XC Spring Break Training

We ended the week with a strong showing out at Black Butte Ranch. There were some lifetime 5k PRs set, and a lot of season bests on the day. Even more impressive was how both teams raced as a unit. The girls team ran away with a strong and convincing 2nd place finish, and the boys finished 4th but only a few places off of 2nd. Overall, we are moving in the direction we want to be. In a short and condensed season, improvement week to week is impressive.
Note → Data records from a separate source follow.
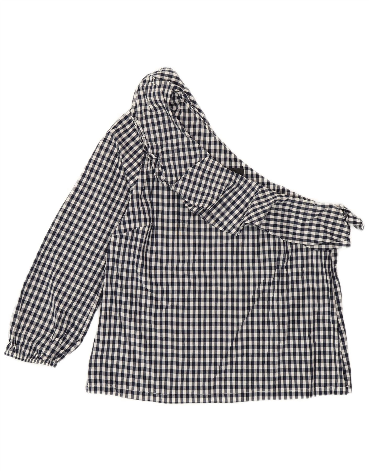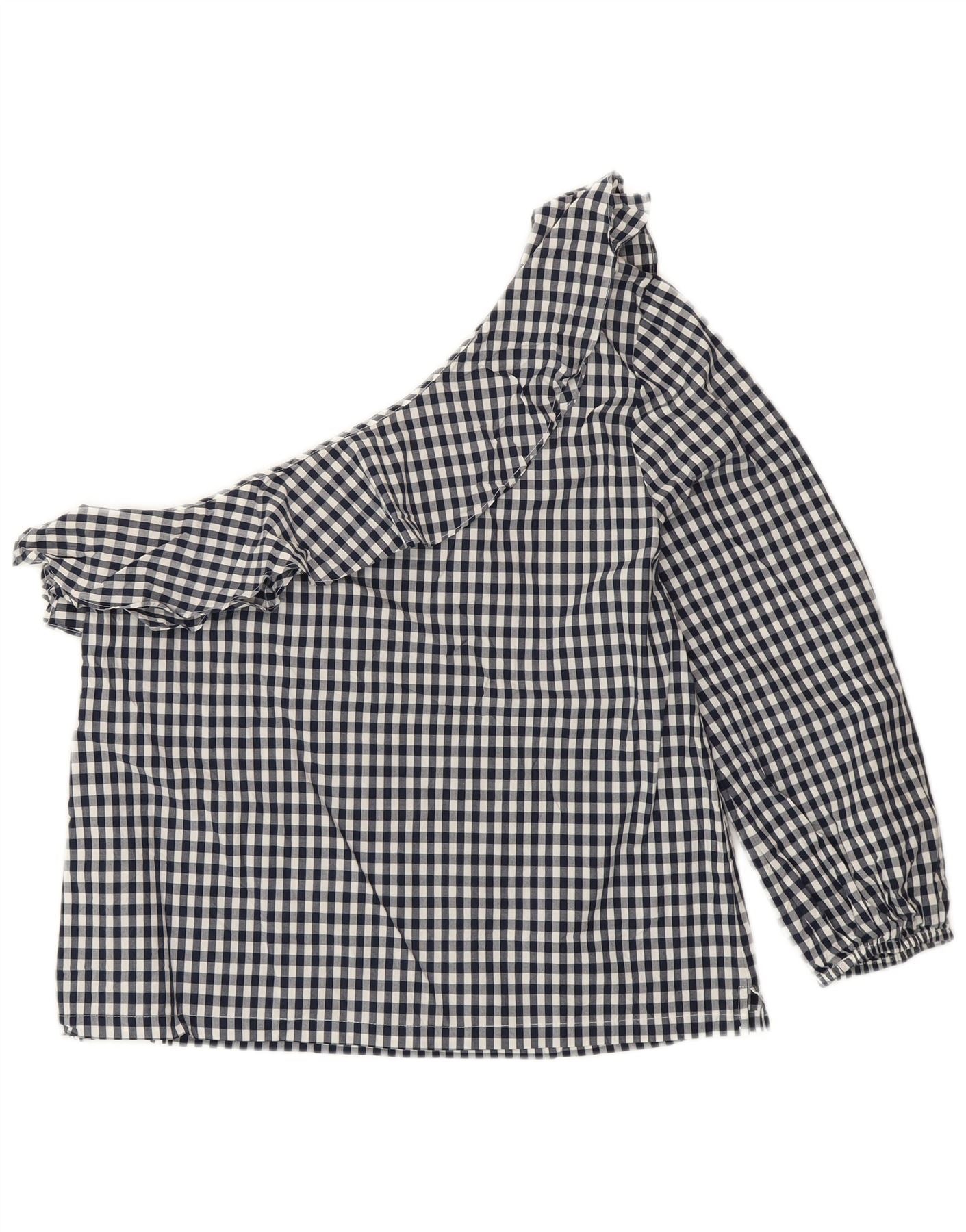 J. CREW Top monospalla da donna US 8 cotone a quadretti blu navy medio
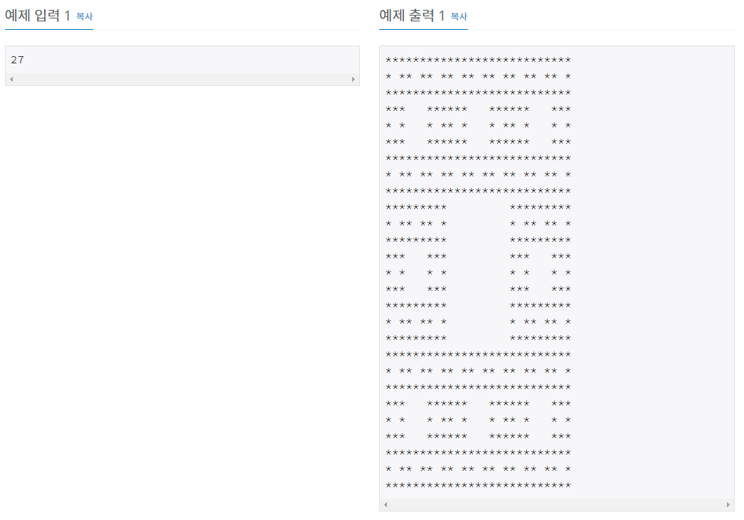 N이 3보다 클 경우, 크기 N의 패턴은 공백으로 채워진 가운데의 (N/3)×(N/3) 정사각형을 크기 N/3의 패턴으로 둘러싼 형태이다. 예를 들어 크기 27의 패턴은 예제 출력 1과 같다.
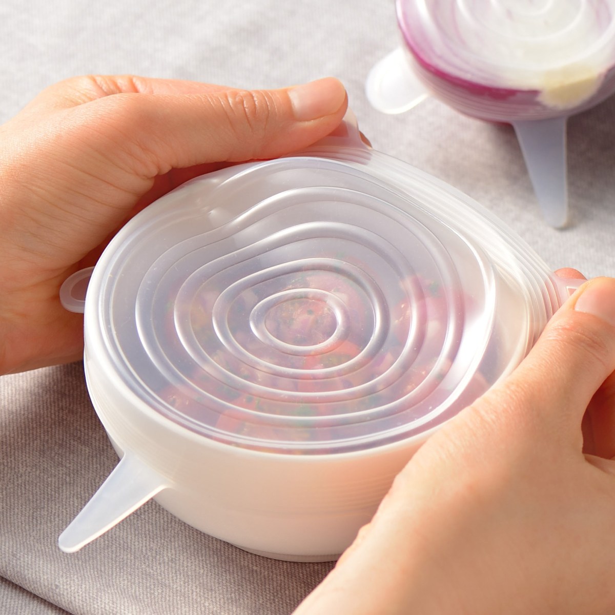 伸ばしてピッタリ丸型エコラップ●シリコーン素材でつくられた繰り返し使える丸型ラップです。

Clash in the Cascades Meet Results: https://www.athletic.net/CrossCountry/meet/188623/results

We will not be meeting as a team for spring break, but that doesn’t mean training stops. Please do your best to follow the training plan posted below. I want everyone to be able to do fun things and have family time, while still being able to get the training in. If you have any questions about the workouts please reach out to me! This week is a great opportunity to recharge mentally and physically, while still keeping our fitness high and staying sharp. I hope you all have an awesome spring break!

Spring Break Training

Monday 3/22- 30-45 minutes easy-moderate run. 6 Strides after run.

Tuesday 3/23– 10×1 minute hill repeats @race effort. 5x30sec hill sprints. 15 minute warm-up and cool-down.

Wednesday 3/24– 30-40 minutes Recovery run. Go by feel, listen to your body!

Thursday 3/25– 30-40 minutes easy-moderate run. 4 Strides after run.

Friday 3/26– Speed play workout: 3min-2min-1min-1min-2min-3min @race pace with 90 seconds rest in between each rep. Follow workout with 6×30 seconds fast to mimic finishing kick! 10 minute warm-up and cool-down.

Saturday/Sunday– Take one day off. Longer run for the other. 40-60mintues easy. If you’re feeling tired don’t force it, go with the shorter option.